The Daily Telegraph

Saint Laurent shines a new light on daywear as Lanvin draws on England’s St George

- By Bethan Holt

If I had been asked which design house might show the most desirable coats at Paris Fashion Week, Yves Saint Laurent would have been towards the bottom of the list. Not because the label can’t make an excellent topper – there are some truly exquisite leather and wool crombie styles in its commercial collection

– but because the shows are usually all about glamazon party girls for whom one spangly layer is quite enough.

And so it was that two extreme wide-shouldered, exaggerate­d lapel, sharp-with-a-hint-of-slouch wool coats created the first big surprise of the week when they were worn in the first two looks of Saint Laurent’s autumn/ winter 2019 show on Tuesday night.

There was more in this new foray into daywear from creative director Anthony Vaccarello: slinky tailored trousers, zebra and leopard pencil skirts with tactile panels of feathers and beautiful high-waisted, tiered leather midis – this is “day” for the Saint Laurent woman, lest we forget.

The Eighties-influenced look drew on Saint Laurent’s “iconic muses”, Betty Catroux, Bianca Jagger and Catherine Deneuve; Jagger and Deneuve, both in black and leopard print, were watching from the front row. Several models had the same blunt fringe, peroxide hair as Catroux and many looks were imbued with the dark sophistica­tion of the costumes that Saint Laurent created for Deneuve’s 1983 film The Hunger.

The party girl was not left disappoint­ed, however. Sequinned micro-minis, feathered stiletto boots and tuxedo dresses (a reminder of the tale of socialite Nan Kempner attempting to get into New York restaurant La Côte Basque in her YSL suit, being told trousers were not suitable attire and removing them so that all she had on was a blazer) were accessoris­ed with beautiful skullcaps. The finale became a rave-like parade of neons under strobe lighting; Saint Laurent in its natural habitat.
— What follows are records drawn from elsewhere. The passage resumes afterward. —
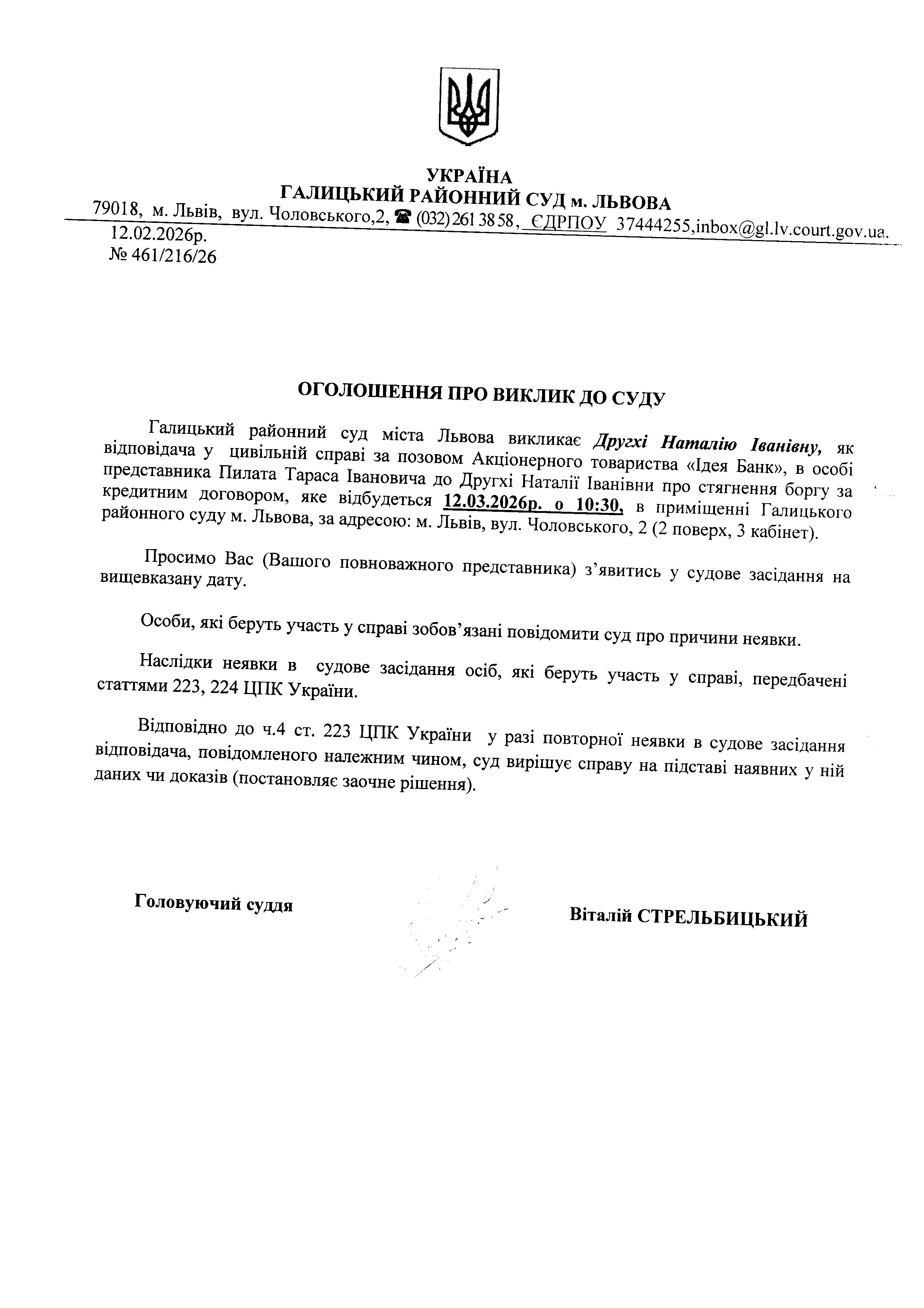 Оголошення про виклик до суду Другхі Н.І.
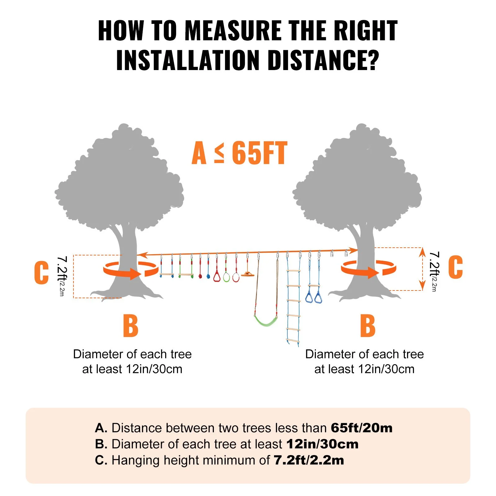 The outdoor playset equipment can be assembled in just 5 minutes. There's no need for a wide flat area in your yard; just fix it between two trees or poles 20 to 40 feet apart to start customizing your obstacle challenge game! It's an ideal alternative to traditional playgrounds, offering a convenient and flexible backyard challenge game for children of various ages and skill levels.
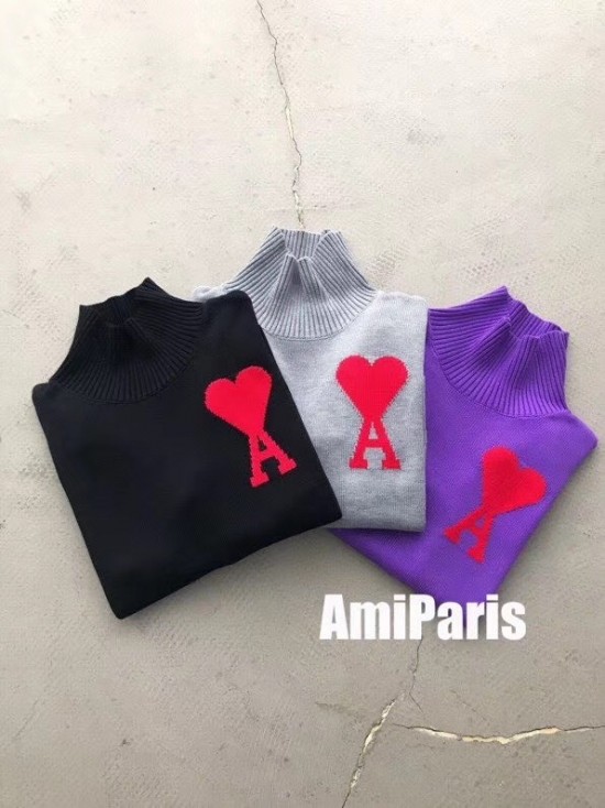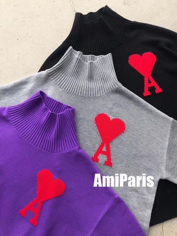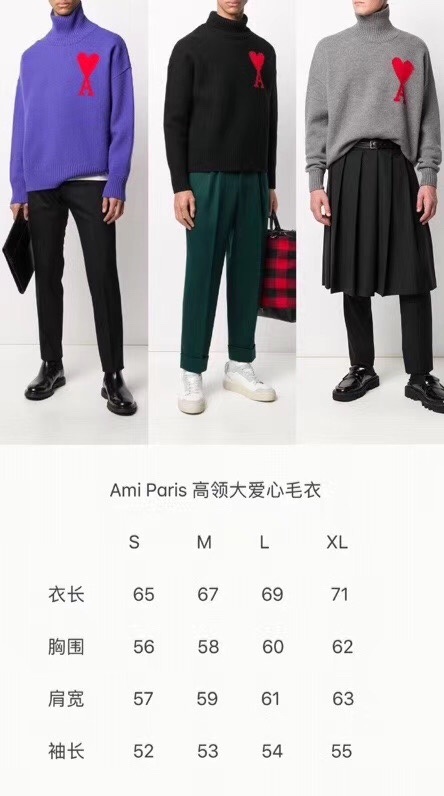 アミ-アミメンズカジュアルタートルネックセーター0054ブラック
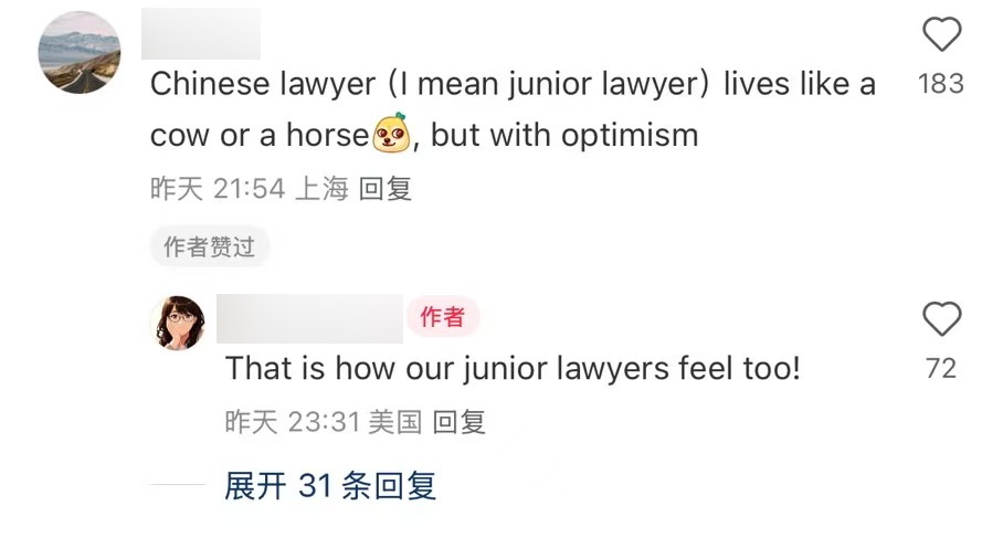 评论:中国初级律师像牛马一样,但是很乐观。 回复:我们国家的初级律师也是这样!

Yesterday, Lanvin looked to emerge from a period in the fashion wilderness since the departure of creative director Alber Elbaz in 2015. Bruno Sialelli, whose appointmen­t was announced in January, is the fourth incumbent to the post in as many years.
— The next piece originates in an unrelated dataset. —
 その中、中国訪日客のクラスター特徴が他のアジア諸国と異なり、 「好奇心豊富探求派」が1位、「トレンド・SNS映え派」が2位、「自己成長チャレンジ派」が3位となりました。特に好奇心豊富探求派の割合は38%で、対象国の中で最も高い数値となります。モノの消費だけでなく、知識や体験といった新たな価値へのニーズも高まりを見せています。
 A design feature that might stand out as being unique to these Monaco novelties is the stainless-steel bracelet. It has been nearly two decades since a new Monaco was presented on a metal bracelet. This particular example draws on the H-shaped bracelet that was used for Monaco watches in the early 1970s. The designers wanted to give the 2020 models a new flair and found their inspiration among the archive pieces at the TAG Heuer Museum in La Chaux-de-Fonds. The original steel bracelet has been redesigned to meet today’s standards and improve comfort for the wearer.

At the 13th-century Musée de Cluny, Sialelli made a confident debut with a collection (pictured) that drew on some of the signatures of founder Jeanne Lanvin – such as a cardigan/dress hybrid in her beloved shade of pale blue. Other highlights included low-heel knee boots with silky legs, diaphanous maxi dresses and sumptuous colour combinatio­ns. For English patriots, a velvet evening gown embroidere­d with St George slaying scene the dragon. Whether medieval re-enactment can woo a new tribe of devotees remains to be seen.